In the Garden:
Northern & Central Midwest
Grafted tomato plants may help you grow healthier heirlooms.
A Tomato is a Tomato
I looked at my first seed catalog the other day, and it seems one of the hot new things available this year is grafted vegetable plants. Grafting basically means putting two plants together, the top of one type and the bottom of another, to make a third type of plant. Sounds kind of "out there" doesn't it?
How Grafting Works
Grafting only works on plants that are compatible, so there is little chance of success with a cucumber vine growing carrots below ground. But there have been some instances where a tomato top grows potatoes underground. This was successful because potatoes and tomatoes are closely related -- they are in the same botanical family. However, these plants don't live long and they don't produce much.
Why Grafted Tomatoes?
The main plants that are being offered right now are tomatoes grafted onto tomatoes. Now you may ask, why exactly would someone want to do that? The premise is to find a rootstock with certain desirable characteristics such as disease resistance, cold hardiness, or dwarf size. Then pick your favorite tasty top to attach and you have the best of both worlds.

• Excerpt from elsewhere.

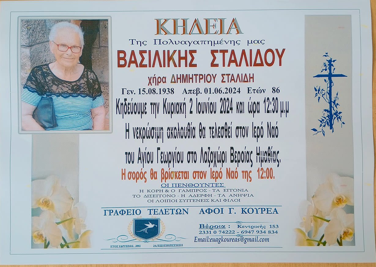 Έφυγε από τη ζωή και κηδεύτηκε την Κυριακή 2 Ιουνίου 2024 στις 12.30 μ.μ. από τον Ιερό Ναό Αγίου Γεωργίου στο Λαζοχώρι Βέροιας η Βασιλική Σταλίδου σε ηλικία 86 ετών.

The varieties offered have extremely vigorous rootstocks that are tolerant of cold and drought, and most important, are disease resistant. This allows the gardener to grow the wonderful heirloom tomatoes that taste so good, but bypasses some of the more serious problems with soil-borne disease.
Breeders who are marketing these grafted tomatoes also report a twenty to thirty percent increase in yields. The higher yields make sense because you are purchasing a plant that is already fairly good-sized, so you do get a jump on the season. Plants have to have certain diameter stems before they can be grafted successfully. And, you don't lose as many tomatoes to disease.
Is the Cost Worth It?
One of the decisions to make is whether the cost is worth it. They tend to run about $7.00, which is pretty expensive for one tomato plant. Grafting is a specialized trade and labor intensive, which is why they cost so much. But, if you get more produce, especially if you intend to take it to market, then perhaps the early cost gets paid back quickly.
Is an Heirloom Still an Heirloom?
The other decision or dilemma comes for those who want to grow only heirlooms varieties. Technically a tomato is a tomato botanically, but are the old varieties whose seeds have been handed down for sometimes hundreds of years the same plants when grafted onto something different? Again, biologically, the genes of the rootstock stay with the rootstock and the genes of the flowers and fruits come only from the top portion. But this may get murky. If you save seeds from the fruits of a 'Brandywine' (heirloom) grafted onto a 'Better Boy' (hybrid) rootstock, are they really 'Brandywine' seeds? Something to think about while perusing the catalogs this winter!